第4話 部屋

如月家の屋敷はとても大きかった。一面に草花が植えられていて、少し先には噴水も見える。あれはバラの葉が見える。初夏には色とりどりの花が見られるのだろうか。コスモスも咲いている。コスモスはわたしが1番好きな花だ。可憐かれんで、どこかに愛くるしさを感じる。この庭は四季折々の花が咲くのかな。そうボーッとしていると、「桃菜お嬢様、こちらへお越しください。今日からお嬢様のお手伝いをする黒見すみれさんです。」

深山さんはそう言った。お手伝いさん?お手伝いさん?えっ、どういうこと?そう焦っていると黒見さんはぺこりとお辞儀をした。

「桃菜お嬢様、黒見すみれです。よろしくお願いいたします。すみれとお呼びください。なにかお困りのことがあれば何なりと。」

そうすみれさんは言ってくれた。なんだか優しい人そう。よかった。

そうわたしはにこりと微笑むとすみれさんは微笑み返してくれ、手招きをした。

「桃菜お嬢様。こちらです。」

屋敷の中を案内してもらえるようだ。屋敷の中へ足を踏み入れる。屋敷の中は彫刻が施してあったり、芸術品が飾られていたりする。少し進むとすみれさんの足が止まった。

「こちらがお嬢様のお部屋です。お入りください。」

ドアを開けてみる。中には大きくてふかふかのベッド、きらびやかなカーテン、そしてわたしの好きな桃色であふれている。なんて素晴らしいの。私の顔から笑顔がほころびる。机を見てふと思った。学校はどうすればいいの?ここから結構遠いじゃない。気になったのですみれさんに聞いてみた。

「すみれさん、学校に行くにはどうすればいいですか。

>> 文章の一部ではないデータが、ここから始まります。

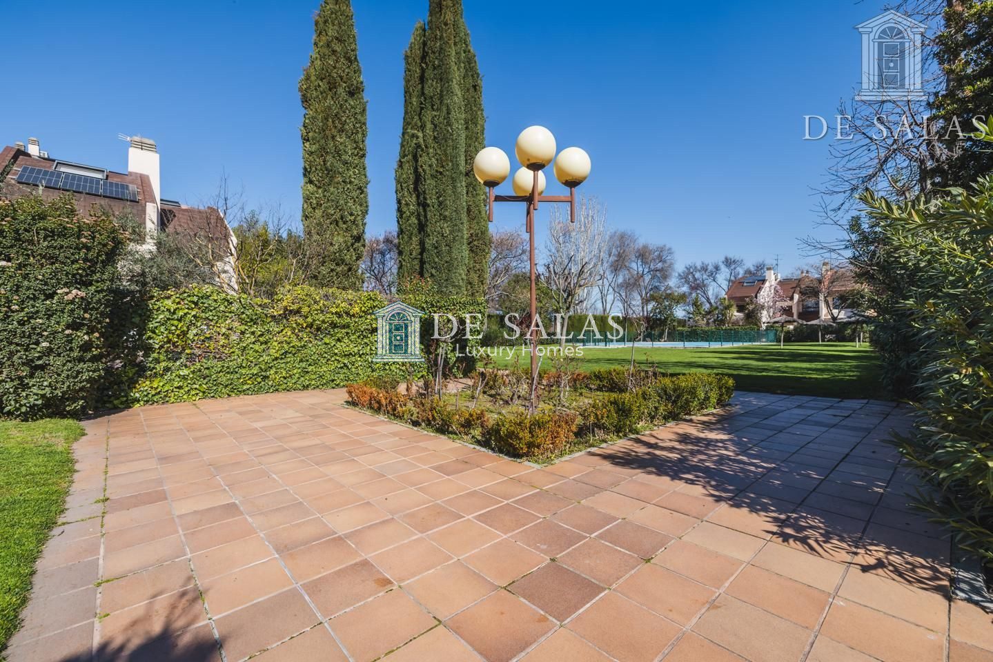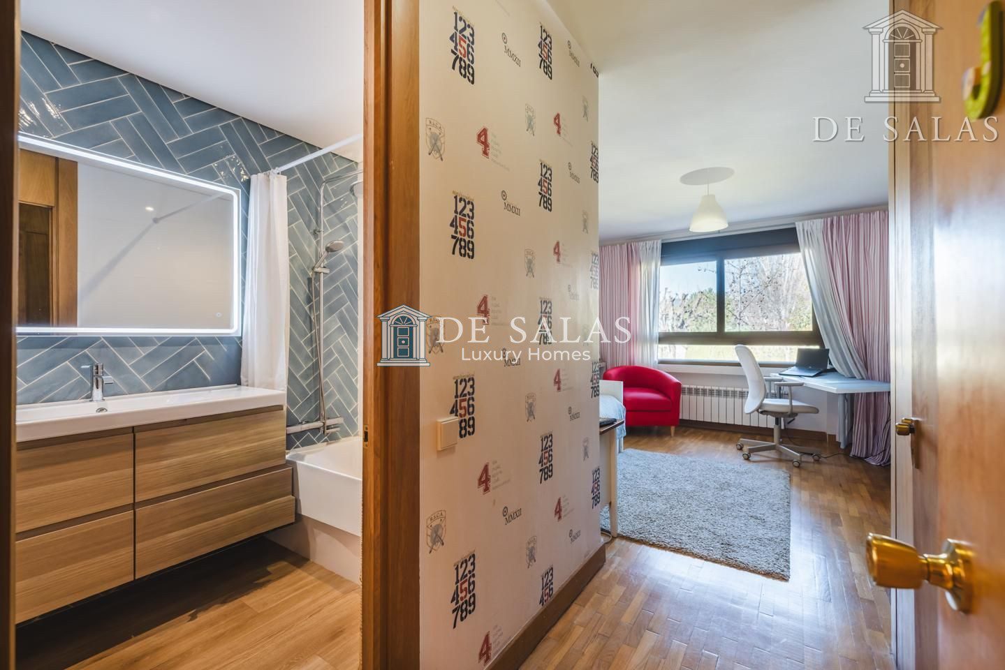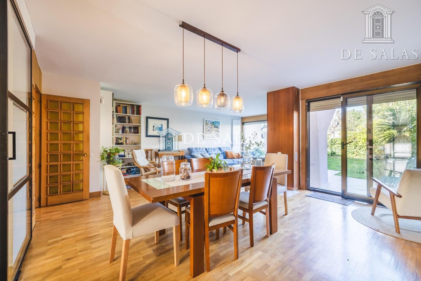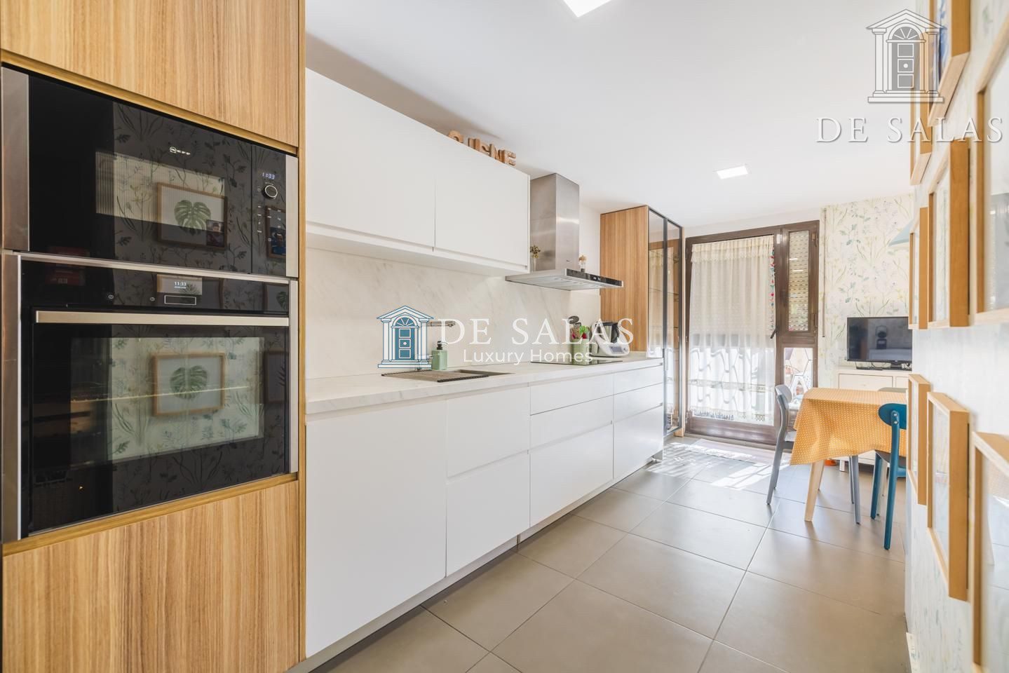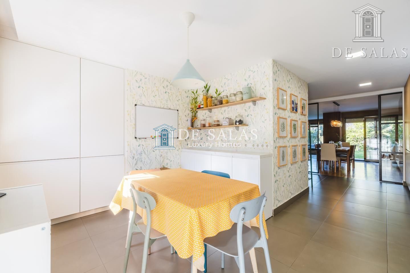 La cocina (24m2), de diseño actual y líneas depuradas, con decoración y revestimientos de Porcelanosa y amplia zona office con mesa para 6 comensales, destaca por su carácter liviano. Tiene salida a un agradable patio trasero y se comunica con el comedor mediante una puerta corredera de cristal con perfilería negra, aportando continuidad visual hacia el hermoso jardín.

ここからは遠いですよね。」

すみれさんはにこりとこちらに顔を向けた。「ここから深山が送迎するので問題ありませんよ。翔也様も転校されることになります。ですからご心配しないでください。」

やった!あかりと離れ離れになると思っていたけど通い続けられるのだ。そしてすみれさんは続けた。

「ですが、部活動はやめていただくことになります。如月家の妻としてふさわしいように教育を受けてもらいます。」

えっ!部活をやめないといけないの?まだ入学したばかりだけどとても頑張って、先輩たちに認めてもらえるようになってきたのに。そう肩を下ろしていると、すみれさんに伝わってしまったようだ。

「桃菜お嬢様、残念だと思いますが少しの辛抱です。わたしと一緒に頑張ってみませんか。」

そうすみれさんに言われると断るわけにはいかない。


少しは頑張ってみようかな。


グゥゥー、お腹がなってしまった。顔が赤くなった。時計を見上げると針は18時半を指している。そろそろ夕食の時間だ。

「桃菜お嬢様、お食事ができたようです。食堂にお越しください。」

わたしはこくりとうなずいた。食堂へと足を進める。廊下には銅像が並んでいる。誰なのだろうか。食堂に着いた。すみれさんがドアを開けてくれる。中に入ると部屋の豪華絢爛ごうかけんらんさに圧巻された。わたしの部屋と同様キラキラ輝いているが、なんとも机がとても大きい。10人は座れるだろう。そんな机にわたしと翔也さん2人だけ。ほかの人は一緒に食べないのかな。すみれさんに聞いてみた。

「ほかの方は一緒に夕食を食べないのですか。」

そうするとすみれさんは

「旦那様と奥様は本日会食です。普段も一緒には食べられませんね。当面は桃菜お嬢様と翔也様の2人です。」

そうなの!?とても驚いた。今までは翔也さんは1人で食べていたのかな。


夕食が運ばれてきた。まずは前菜かららしい。こんな豪華なコース料理食べたことがないから戸惑ってしまう。

「桃菜お嬢様焦らないでください。本日は桃菜お嬢様を歓迎すべく如月家屈指の料理人が腕をふるってつくったものです。テーブルマナーは後日指導いたしますので本日はお味をお楽しみください。」

そうすみれさんが言ってくれたおかげで食事を楽しむことができた。


部屋に戻って今日1日を振り返った。24時間という短い時間だったはずなのにいろいろな出来事が起きたな。そう思っているうちにいつの間にか眠りについていた。